Stored records:
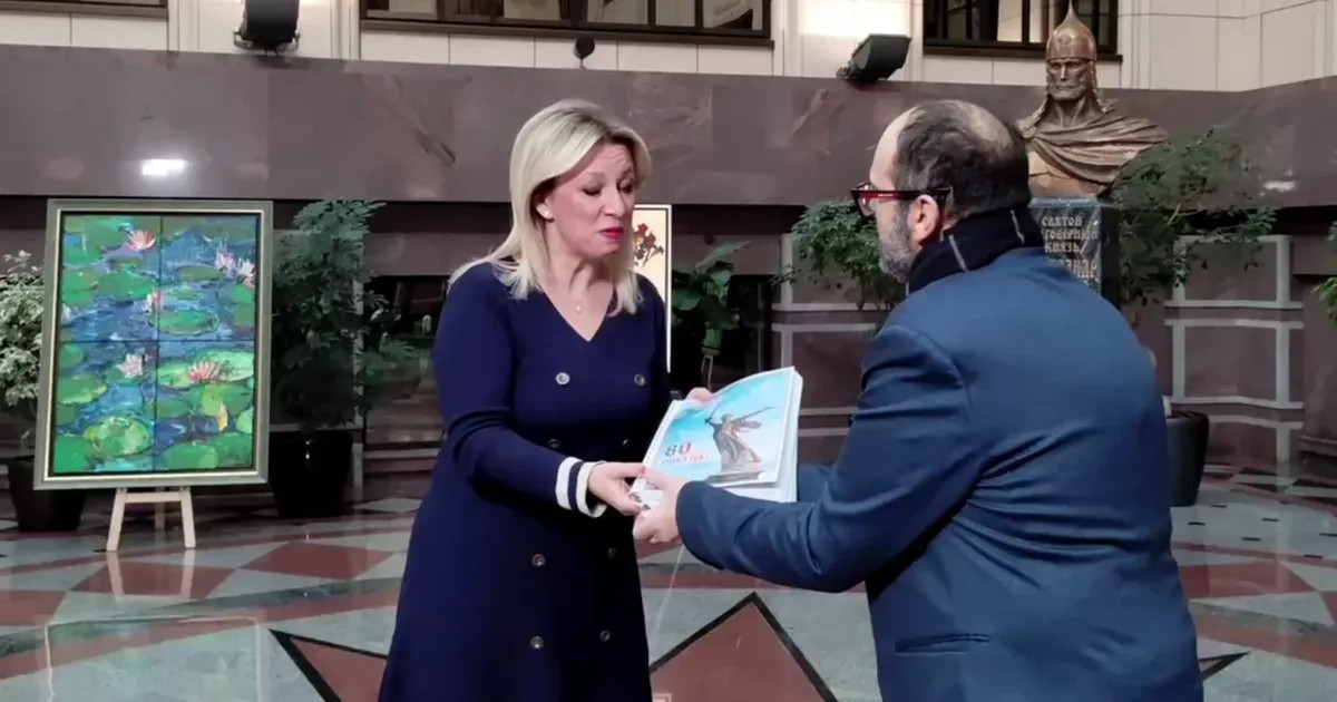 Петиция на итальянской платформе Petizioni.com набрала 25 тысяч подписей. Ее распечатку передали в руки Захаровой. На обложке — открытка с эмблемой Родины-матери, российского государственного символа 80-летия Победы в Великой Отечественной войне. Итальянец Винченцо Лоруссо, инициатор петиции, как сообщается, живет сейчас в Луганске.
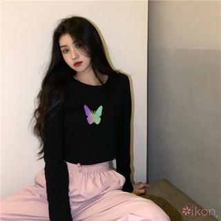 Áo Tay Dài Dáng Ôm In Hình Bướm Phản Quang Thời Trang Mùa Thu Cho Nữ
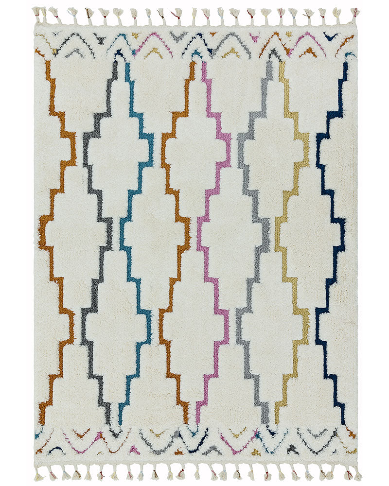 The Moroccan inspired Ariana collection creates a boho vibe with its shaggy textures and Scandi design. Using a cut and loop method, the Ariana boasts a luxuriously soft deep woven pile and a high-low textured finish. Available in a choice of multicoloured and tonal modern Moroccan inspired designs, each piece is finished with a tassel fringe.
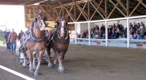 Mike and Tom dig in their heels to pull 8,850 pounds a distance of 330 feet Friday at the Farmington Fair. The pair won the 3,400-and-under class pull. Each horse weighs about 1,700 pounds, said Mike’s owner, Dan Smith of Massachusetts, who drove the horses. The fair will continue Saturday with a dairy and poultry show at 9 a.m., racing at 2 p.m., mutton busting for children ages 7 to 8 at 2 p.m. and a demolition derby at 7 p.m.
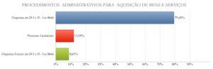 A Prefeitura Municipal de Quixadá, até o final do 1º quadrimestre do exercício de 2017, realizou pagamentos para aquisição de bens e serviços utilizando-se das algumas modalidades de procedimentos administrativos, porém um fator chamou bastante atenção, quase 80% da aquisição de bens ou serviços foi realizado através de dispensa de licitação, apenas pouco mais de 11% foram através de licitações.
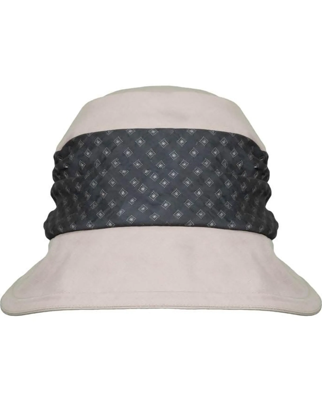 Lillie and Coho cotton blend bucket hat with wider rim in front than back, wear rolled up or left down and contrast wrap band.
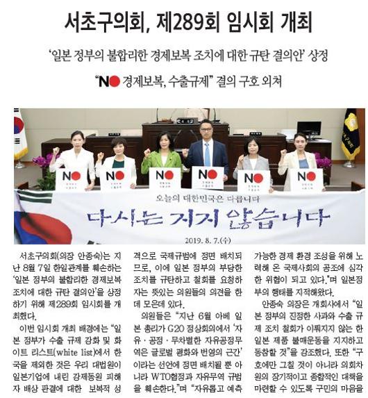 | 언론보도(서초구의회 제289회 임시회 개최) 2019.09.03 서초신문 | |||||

## WORK ORDER
Nothing but an exact copy belongs in the answer: the lines from the top of the records through the line containing "Áo Tay Dài Dáng", minus the pictures.

## RESULT OF THIS EXERCISE
 Петиция на итальянской платформе Petizioni.com набрала 25 тысяч подписей. Ее распечатку передали в руки Захаровой. На обложке — открытка с эмблемой Родины-матери, российского государственного символа 80-летия Победы в Великой Отечественной войне. Итальянец Винченцо Лоруссо, инициатор петиции, как сообщается, живет сейчас в Луганске.
 Áo Tay Dài Dáng Ôm In Hình Bướm Phản Quang Thời Trang Mùa Thu Cho Nữ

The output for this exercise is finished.